Il ne se souvenait plus du coup de pied en vache (boeuf)de muguet, la veille.

heraime respirait l’air frais et vivifiant  de l’après pluie.

De nouveau Joseph continuait l'instruction de rené:les truites toujours dans un panier d'osier avec des fougères,jamais dans un panier en plastique,sinon dés qu'il fait chaud, elles deviennent vite avariées.Regarde là ces grandes tiges pleines de fleurs violettes,c'est de l'épilobe à petites fleurs,il y en à plein par ici,ça soulage les problèmes de prostate en infusion,mélangées à de l'ortie piquante ça règle les problèmes de vessie.

De retour à la maison de la rivière Génie et Josette allaient nous fricasser les belles tâchetées de points rouges. Les queues des fario se redressaient toutes seules dans la poèle.Heraime allait manger des truites succulentes au bon beurre de la baratte et ne pourrait plus jamais se passer de sa future passion pour la pèche.Les temps ont changés;heraime ne pêche plus aux vers,mais à la mouche avec une grande canne de sept mètres.

Ma vie de vacances se déroulait chaque jour comme un  long fleuve tranquille.

Ainsi se termine l’histoire de chorsin pour ces vacances.

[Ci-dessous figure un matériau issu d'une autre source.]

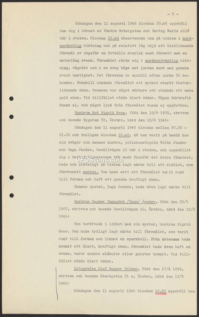 Sighting Incident Reports — Örebro, Sweden, August 1946
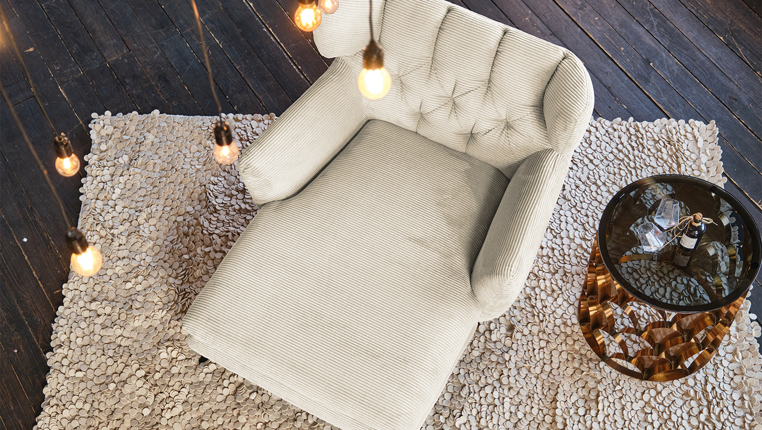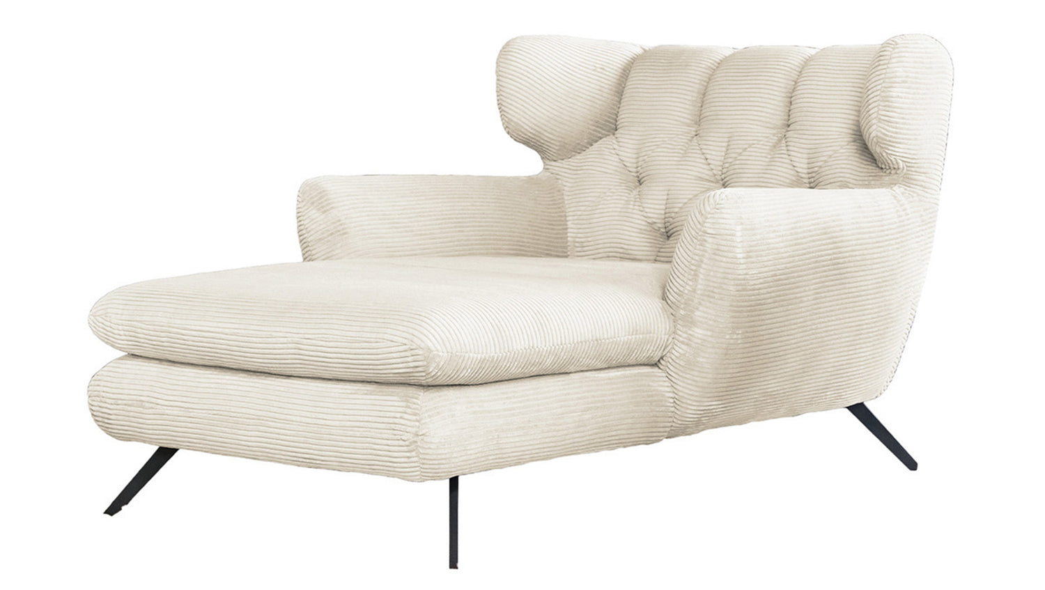 Zu der ausgefallenen Form des Chaiselongue CHARME wurde der Bezug in Cord gewählt.

Je peux ajouter que dans les temps anciens se trouvait à chorsin un ermitage avec des moines, avec une vierge noire,celle ci se trouve maintenant à champdieu,à deux km à vol d'oiseau de mon village ou je réside.Elle était réputée pour ses miracles.Elle fut transférée en 1715 de chorsin (commune de sauvain )à champdieu.(nous reparlerons de sauvain le 18 dec pour un article sur la tour eiffel )

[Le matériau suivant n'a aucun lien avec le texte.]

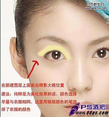 二,把前景色彩設置為:#f3e7aa,用畫筆在新建圖層上畫出眼影大概位置。效果如下圖。
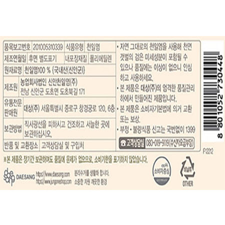 본 제품은 제품입고일별 소비기한 또는 품질유지기한이 상이하므로, 필요시 고객센터로 문의하여 주십시오. 제조일로부터 1825일 까지
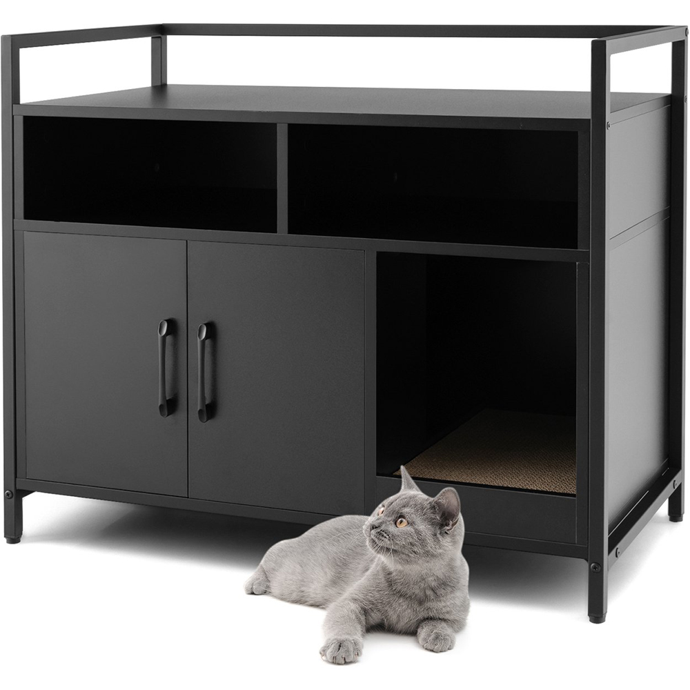 Create a convenient relieving spot for your pet cat with the Costway Black Wooden Cat Litter Box Enclosure with Scratching Board. It is crafted using a sturdy wood and rust-proof painted metal frame for durability and longevity. It has an industrial-style design with a weight capacity of up to 90kg for your convenience. The double-door cabinet provides privacy for the cat and is the ideal place to hide the litter box. It features an inner entry to provide easier access to the next shelf. There are three large holes in the back panel to facilitate air circulation and prevent odours. This cat litter box features guardrails with decent storage space for keeping your essentials. The two compartments and cabinets are suitable for keeping your favourite magazines, pet litter box or other pet supplies. The litter box enclosure is equipped with a thick and abrasion-resistant removable scratching board. It features adjustable feet with an anti-tip device to prevent tilting and tipping while providing stable support.
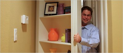 [Image: “David Lee of Plano, Tex., got a bookcase door to hide the mess of his workroom, but also because he had wanted a secret room, he said, ‘since watching Scooby-Doo way back when.'” Misty Keasler/New York Times].
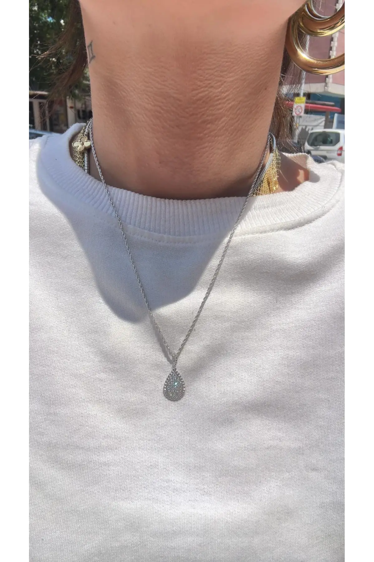 925 Ayar Gümüş İthal Marka Damla Taşlı Silver Kolye
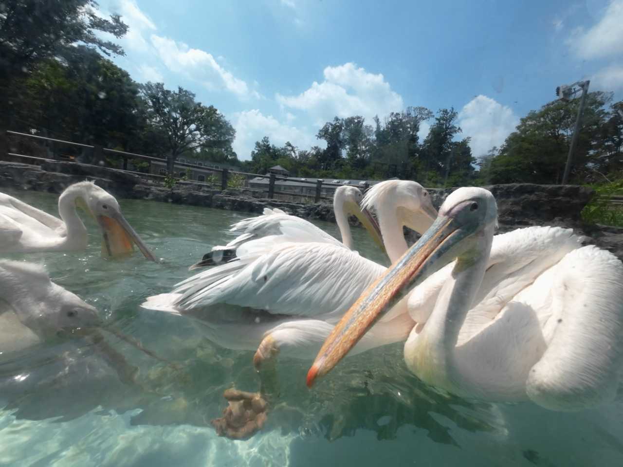 多摩動物公園 ペリカンパックン!口がかなり大きく開いています。上野動物園に居た子達も混ざって大所帯になりました。プールも広くていいね!※画像などの無断使用転載禁止動物柄 ネクタイ モモイロペリカン ネイビー / ブルー 楽天で購入
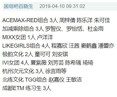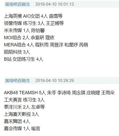大陆网友10日在豆瓣论坛爆料,宣称《青春有你》女生版名单曝光,除了各大经纪公司练习生之外,也有已出道的蜜蜂少女队孔雪儿、刘雨昕、张悠然、许和琪,优我女团马蜀君、宋芳园、魏冰雪、乐靓,AKB48 TEAMSH朱苓、李诗琦、周念琪、庄晓媞、王雨朵等人,甚至出现《Produce 48》参赛者、刚以韩团Everglow一员出道的王怡人。

Il y aura peut être une suite à mes devoirs de vacances,mais sur la montagne,dans les jasseries du gros fumé.Sous pierre-sur-haute.Si les souvenirs reviennent à la surface.

Commentaires

Belle histoire. Les cascades sont elles aussi très belles.Bonne journée.
laurence

Écrit par : laurence | 15/12/2006

j'attends la suite René.
Des grandes vacances bien occupées.
les animaux pour les enfants n'étaient pas encore dans les parcs animaliers ou les fermes pédagogiques!
Vive la campagne et ces paysans d'antan

tu me rajeunis de 50 ballets! merci pour ce bain de jouvence
bises
Simone

Écrit par : mone | 15/12/2006

Pas le temps de te déguster maintenant,je repaserai posément de te lire avec tj le même bonheur, Bisou, je mets le jus ? pour quand? Framboisine49

Écrit par : framboisine | 15/12/2006

Eh bien je n'ai pas le temps lire les précèdents épisodes et d'enregistrer entre tous les livres des blogueurs .
si je veux faire une encyclopédie ,il faut ralentir où alors je vais restée visser sur ma chaise ...
Bise Ninette

Écrit par : ninette | 15/12/2006

Voilà trois fois que maman me dit c'est huit heures et quart : Tout ça c'est parce -que j'étais en vacances avec René , très belle ton histoire , malgrè le coup de pied ! a bientôt pour la suite bises huguette !

Écrit par : macary huguette | 15/12/2006

et voilà que nous apprenons que nous aurions pu ne pas faire la connaissance de RM à cause d'un méchant coup de pied de boeuf en vache. La vierge noire à fait le miracle peut être pour permettre dans les temps futurs aux blogueuses et blogueurs de NT de connaître le phénomène. C'est que çà voit loin les vierge blanches ou noires...
BISOUS
bonne nuit
ANNIE

Écrit par : MAMINIE | 15/12/2006

c'est encore le mystère . La galantereie c'est de dire le jour de ton anniversaire avant les femmes. La galanterie se perd de nos jours ... non je plaisante c'est au mois de Février et j'aurais dû m'appeler Nestorine . Tu veux savoir le jour mais quand c'est la sainte Francine ou la Sainte Ninon comme aujourd'hui , tout le monde m'oublie après ce que je fais pour les copains .... J'en pleure et je boude ... Bises peut être Ninette

Écrit par : ninette | 15/12/2006

"Les fabuleuses aventures du petit René"...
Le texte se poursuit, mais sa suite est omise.